Τρίτη, 26 Απριλίου 2011

Weird Science gets its freak on to beat restless leg syndrome

It's nice to have options: Restless leg syndrome is uncomfortable enough to keep people awake and most of them are stuck taking long walks to ease the discomfort enough to where its sufferers can get back to sleep. A case report in Sleep Medicine indicates that someone has found an alternate palliative, one that doesn't require leaving the bed: sex. And, if that's unavailable, the individual in question has found that masturbation works just as well (for relief of the discomfort, at least).
Because happy people suck: You can think of it as a sort of inverse schadenfreude. Instead of taking joy in the misery of others, it appears that unhappy people are made even more miserable when those around them are happier. Previously, the comparison required to establish this relationship—correlating life satisfaction with suicide rates—was only possible in between countries, which leaves open the prospect that differences in suicide rates are the product of other cultural influences. In this new paper, the authors go through and analyze data on a state-by-state level, and find the relationship still holds.
The happiest state with a low suicide rate? Hawaii, which should surprise no one. Colorado is just a touch happier, but has a suicide rate that's nearly double.
A striking study of the emotional impact of breakups: The strike in question being the one that stopped the production of new TV shows back in 2007, and the breakup was the forced separation between viewers and the characters they liked. During the strike, college students were surveyed with questions like, "My favorite character makes me feel comfortable, as if I am with a friend." Those who watched shows for companionship and escape tended to be hit hard by the strike. Instead of going out and getting a life, however, they responded to the loss of new episodes by consuming other media, like the Internet. Before anyone starts stereotyping, males and females were apparently hit equally hard by this.
World's oldest toothache: Pity Labidosaurus hamatus. This early reptile predated the origin of dental care by many millions of years, and yet fossil evidence indicated some individuals developed nasty abscesses. Back then, keeping teeth in place for extended periods of time was an evolutionary novelty, driven by increased processing of food in the mouth as they turned to a plant-rich diet. That, in turn, led to increased wear and damage, which enabled the infection to take hold. The new finding "predate[s] the previous record for oral and dental disease in a terrestrial vertebrate by nearly 200 million years," according to the journal's publisher.
A surgical hangover: Great experimental technique here: take groups of surgical students out, get half of them hammered, and then test them on a virtual reality surgery system the next day. The results were not happy for the virtual patients of the boozy groups: "Excessive consumption of alcohol appeared to degrade surgical performance the following day even at 4 pm." To make sure that none of the budding surgeons held back when offered an open bar tab, the researchers went along on the nights out to take notes on the students' inebriation status. No word on how the investigator's drinking may have influenced these status reports.

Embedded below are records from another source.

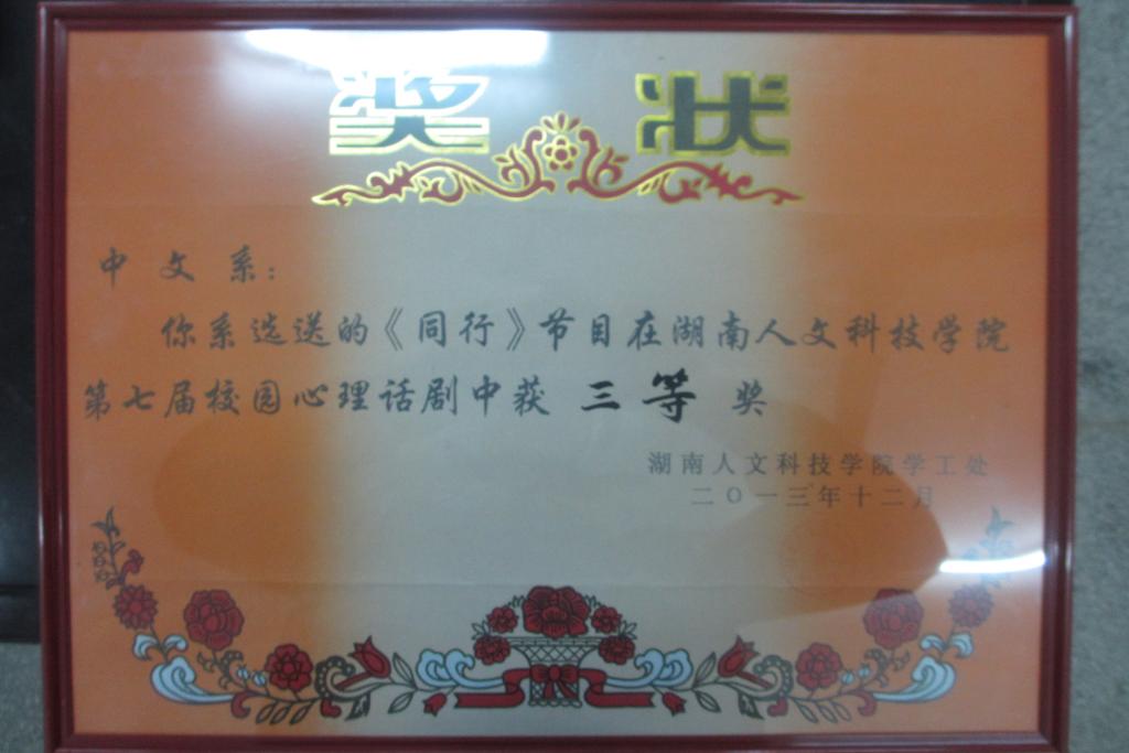 本次心理剧汇演是通过舞台表演的形式,把同学们在学习生活中遇到的心理困惑,通过自编、自导、自演,来给其他同学带来启发,促进了大学生心理的健康发展。如政法系《抉择》通过演绎同学们面临问题的不同抉择来展现内心的矛盾;中文系《同行》幽默风趣又贴近生活。整场晚会在不断的欢笑与感动中落下帷幕。最终,由教育系选送的《谁的青春不迷茫》荣获一等奖。中文系的《同行》获得了三等奖。
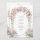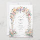 Invite your guests with a soft, romantic fine-art watercolor design featuring an airy floral arch overflowing with blush roses, peach blooms, lilac accents, delicate wildflowers, and fresh sage greenery. The composition frames the text with a light, hand-painted feel; transparent washes, gentle layering, and botanical details that look like a garden illustration on bright white paper.
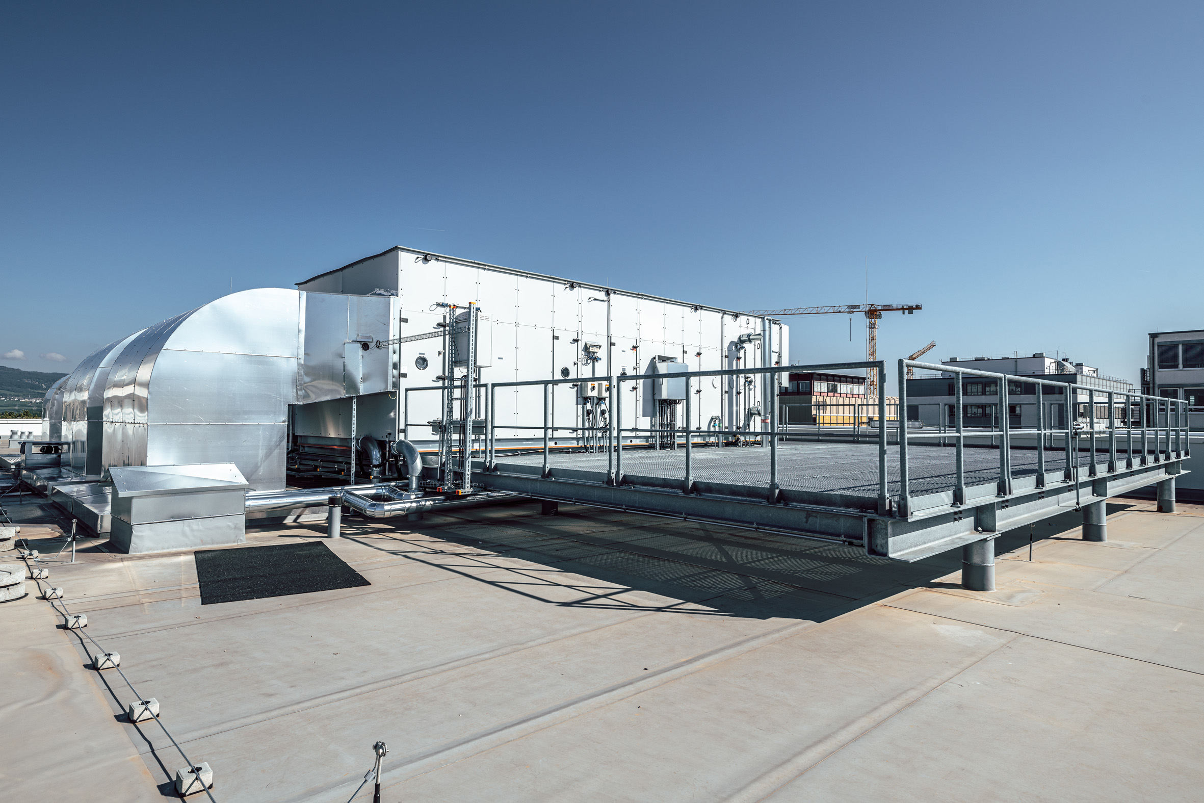 Eine weitere Anforderung an die Lüftungsanlagen war die Reduzierung des Energieverbrauchs durch ein Wärmerückgewinnungssystem. „Wir mussten einen Wirkungsgrad von größer oder gleich 70 Prozent erreichen – das war die Vorgabe von Boehringer Ingelheim. Klar, denn jedes Prozent Wirkungsgrad weniger kostet später viel Geld. Ein hoher Wirkungsgrad ist nicht nur kosten-, sondern auch umweltschonend“, so Uwe Speidel. Die raumlufttechnischen Anlagen wurden daher mit einem EcoCond-System ausgestattet. EcoCond und EcoCond+ sind Wärmerückgewinnungssysteme zum Heizen und Kühlen. Die Betriebsweise des Systems senke nachweislich, so der Hersteller, die Lebenszykluskosten raumlufttechnischer Anlagen. Durch die Trennung der Luftströme sind eine Stoff- und Brandübertragung im Brandfall ausgeschlossen. Damit eignet sich das System besonders für den Einsatz in Anlagen, in denen keine Keime, Gerüche, Feuchtigkeit, Schadstoffe und sonstige Kontaminationen übertragen werden dürfen. Das gilt ebenso für Umgebungen mit aggressiven Medien oder Prozessabwärme.
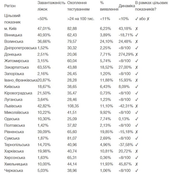 По состоянию на 2 июля Киев и 10 областей Украины не отвечают всем необходимым критериям для ослабления противоэпидемических мер.
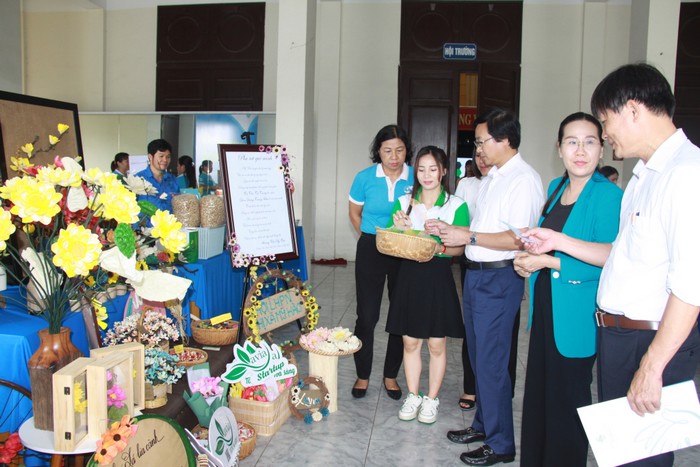 Các đại biểu tham quan gian hàng trưng bày sản phẩm của chị em phụ nữ khởi nghiệp
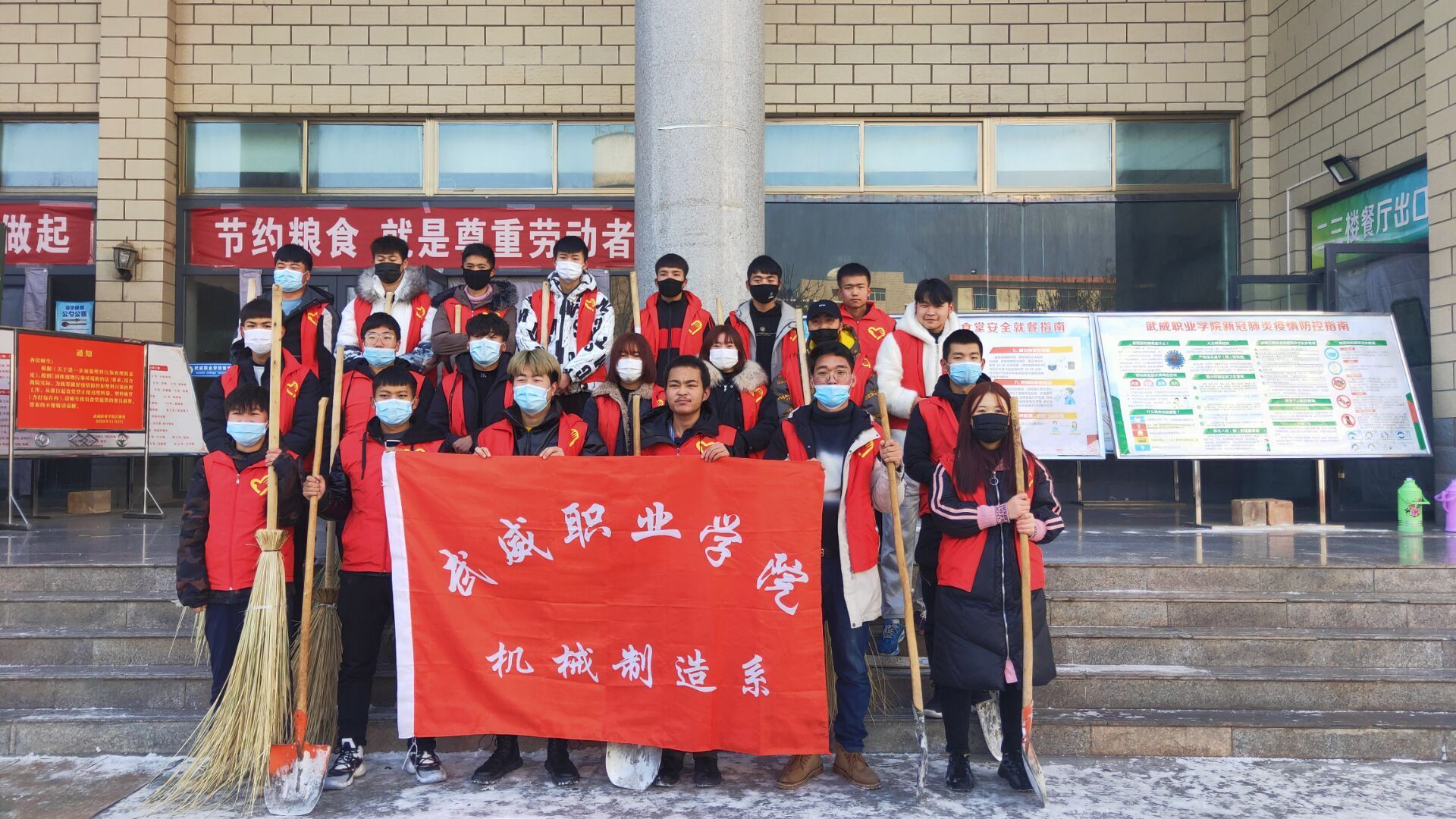 本次鏟雪的區(qū)域是教學(xué)樓區(qū)域的主干道和食堂門前道路。寒冷的天氣擋不住大家的勞動熱情,厚厚的冰塊蓋不住大家的志愿精神。鐵鍬聲此起彼伏,大家分工明確,相互合作,現(xiàn)場氣氛熱烈。經(jīng)過多小時的勞動,大家將教學(xué)樓前主干道積雪基本清掃干凈。
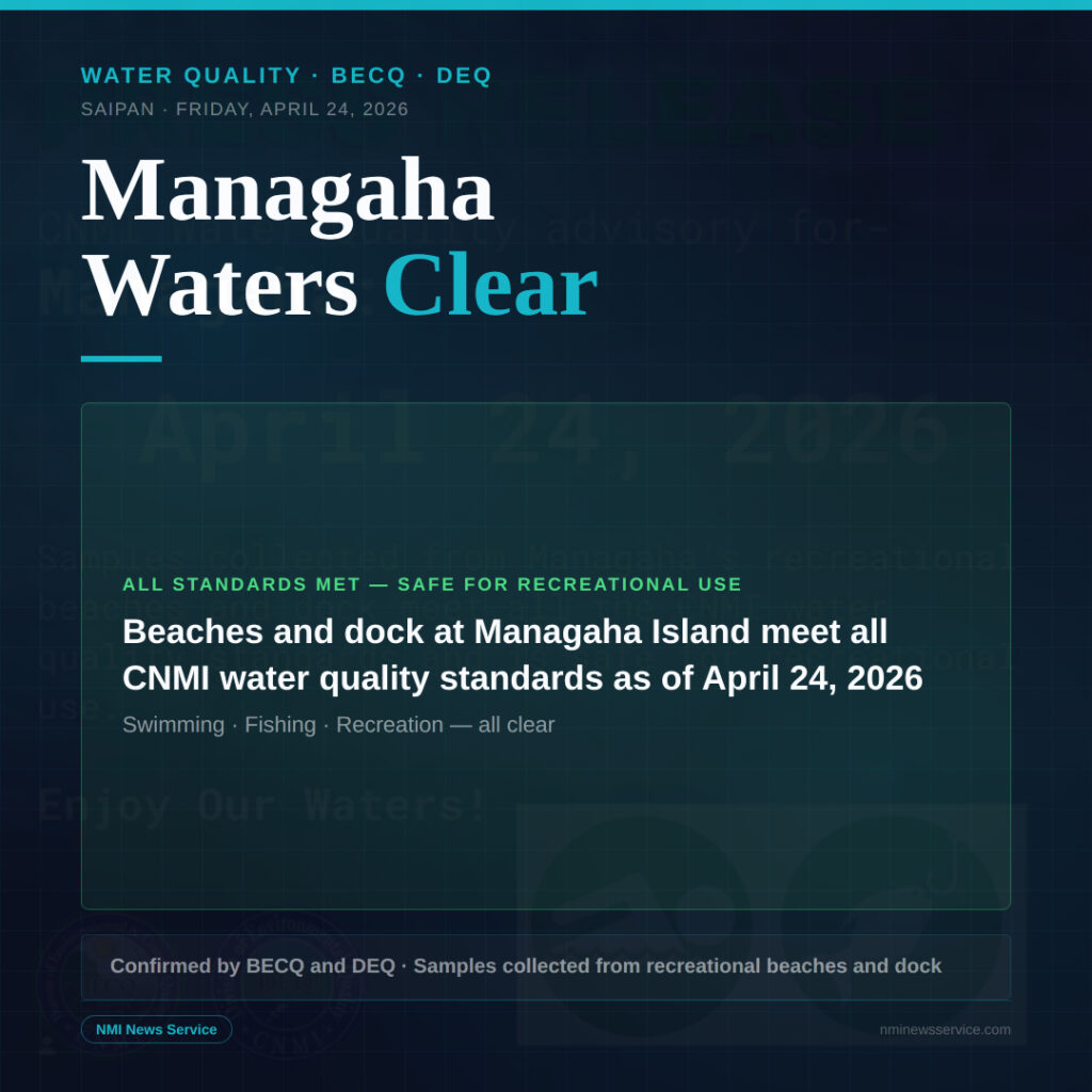 SAIPAN — Water samples collected from Managaha Island’s recreational beaches and dock meet all CNMI water quality standards and are safe for recreational use, the Bureau of Environmental and Coastal Quality and the Division of Environmental Quality announced Friday, April 24.
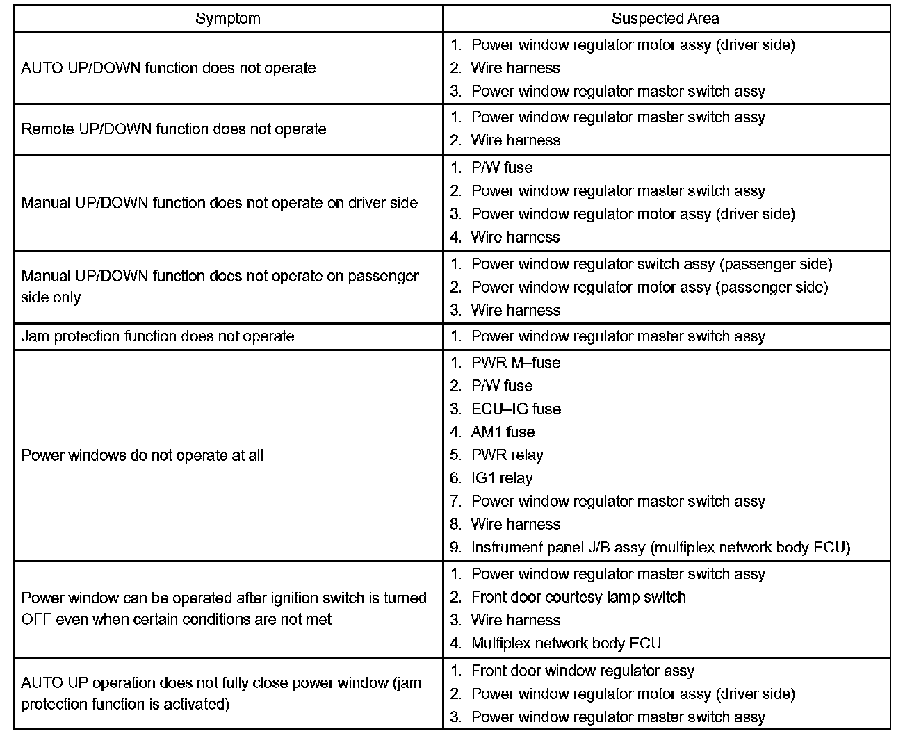 Problem Symptoms Table:
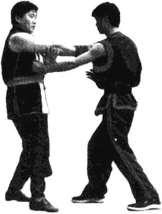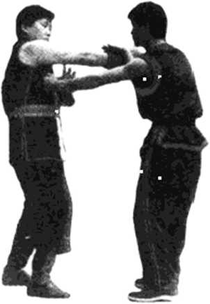 握运用,如果面对比自己身材高大和健壮的对手,还硬要去 抢内帘,就一定会吃亏。故此练习黏手就得学习抢内外帘的 技巧。
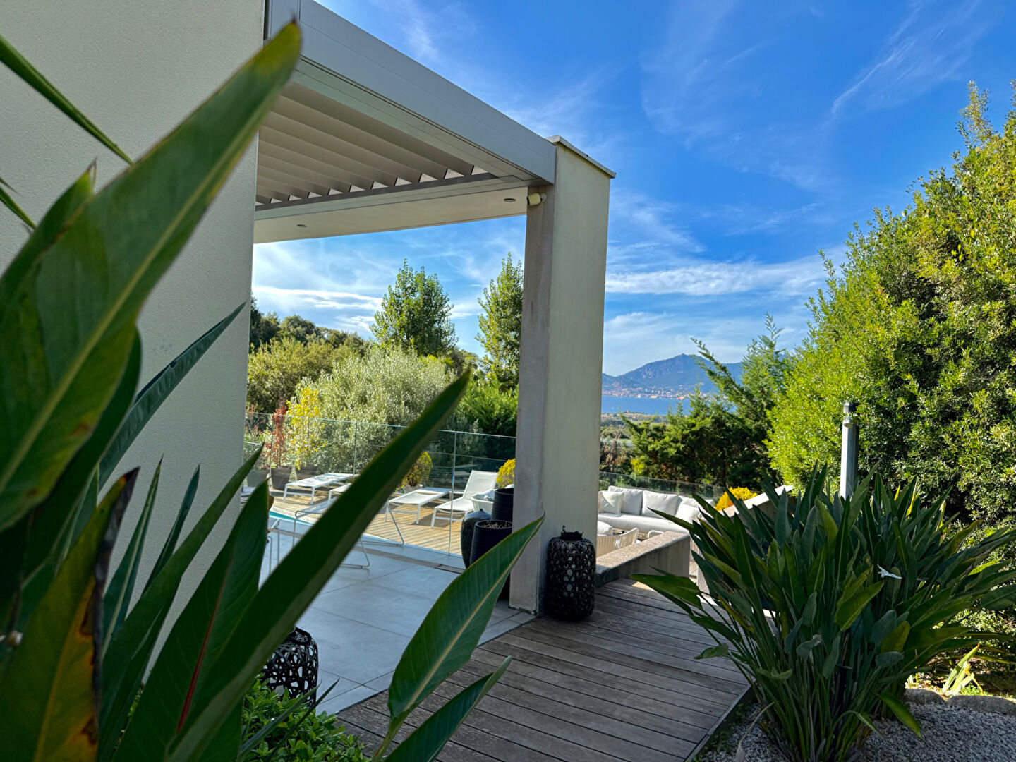 A l’extérieur, le raffinement se prolonge : une piscine aux lignes pures sécurisée par un garde-corps en verre, des jeux d’éclairage subtils intégrés au sol, et une terrasse propice aux soirées d’été face au maquis et au soleil couchant.Les prestations sont complétées par un garage double, deux vastes caves, ainsi qu’un potentiel d’extension permettant d’adapter la propriété à vos projets.
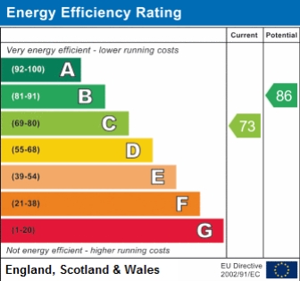 KITCHEN/DINING ROOM: With matching wall and base units with granite worktops, inset single drainer sink, integrated Neff oven, gas hob and extractor unit, tiled splash backs, gas boiler serving central heating and hot water, radiator, understairs cupboard with shelving, window and patio doors to rear.
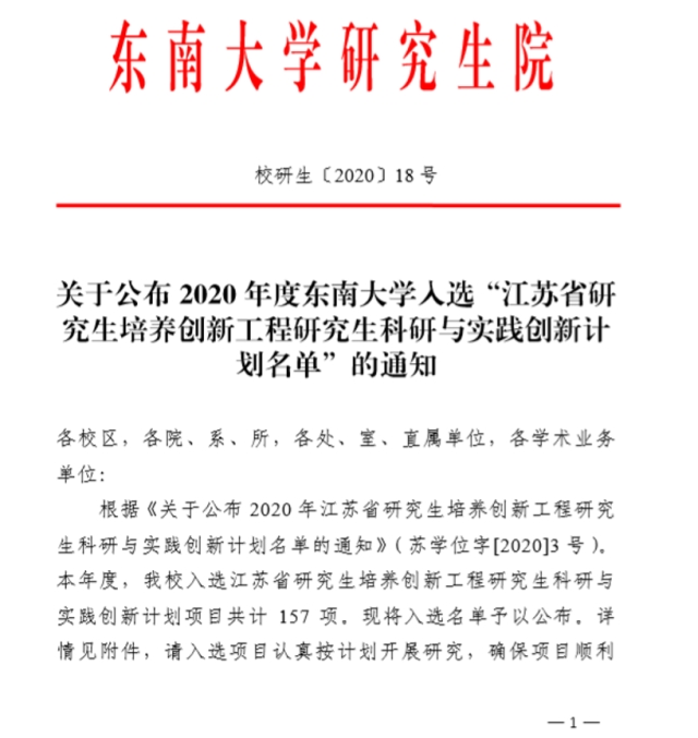 根据《关于公布2020年江苏省研究生培养创新工程研究生科研与实践创新计划名单的通知》(苏学位字[2020]3号),2020年7月1日,366net必赢官网研究生院公布我校157项入选江苏省研究生培养创新工程研究生科研与实践创新计划的名单。其中366net必赢官网博士研究生周维栋、侯嘉淳、魏文松、朱峥、刘浩,以及硕士研究生刘晓宁、吴颖、杨青青同学申报的课题获研究生科研与实践创新计划立项支持。
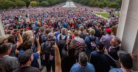 | O evangelista Franklin Graham (com microfone) liderou a Marcha de Oração 2020, contando com a participação de dezenas de milhares de pessoas, clamando pela nação. (Foto: Facebook/Franklin Graham) |
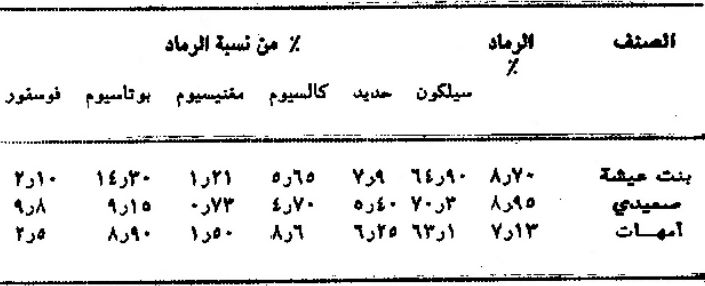 جدول يبين محتويات العناصر المعدنية في سعف النخيل

Sorry, you're not my gut type: More sequencing of the fecal metagenome, which reveals the full complement of bacteria that lives in an organism's gut. In this case, a team did a comparison of 22 human metagenomes, originating in four different countries. Not surprisingly, the gut bacteria clustered in similar groups. The weird thing about it is that these clusters didn't group the guts by nation of origin or even continent. The authors suggest that these three "enterotypes" represent stable host-microbe states, and are driven by a mixture of the gut environment and competition among the bacteria there. They also argue that the enterotype may influence a person's response to dietary changes and drug intake, and thus may help explain some degree of human variability.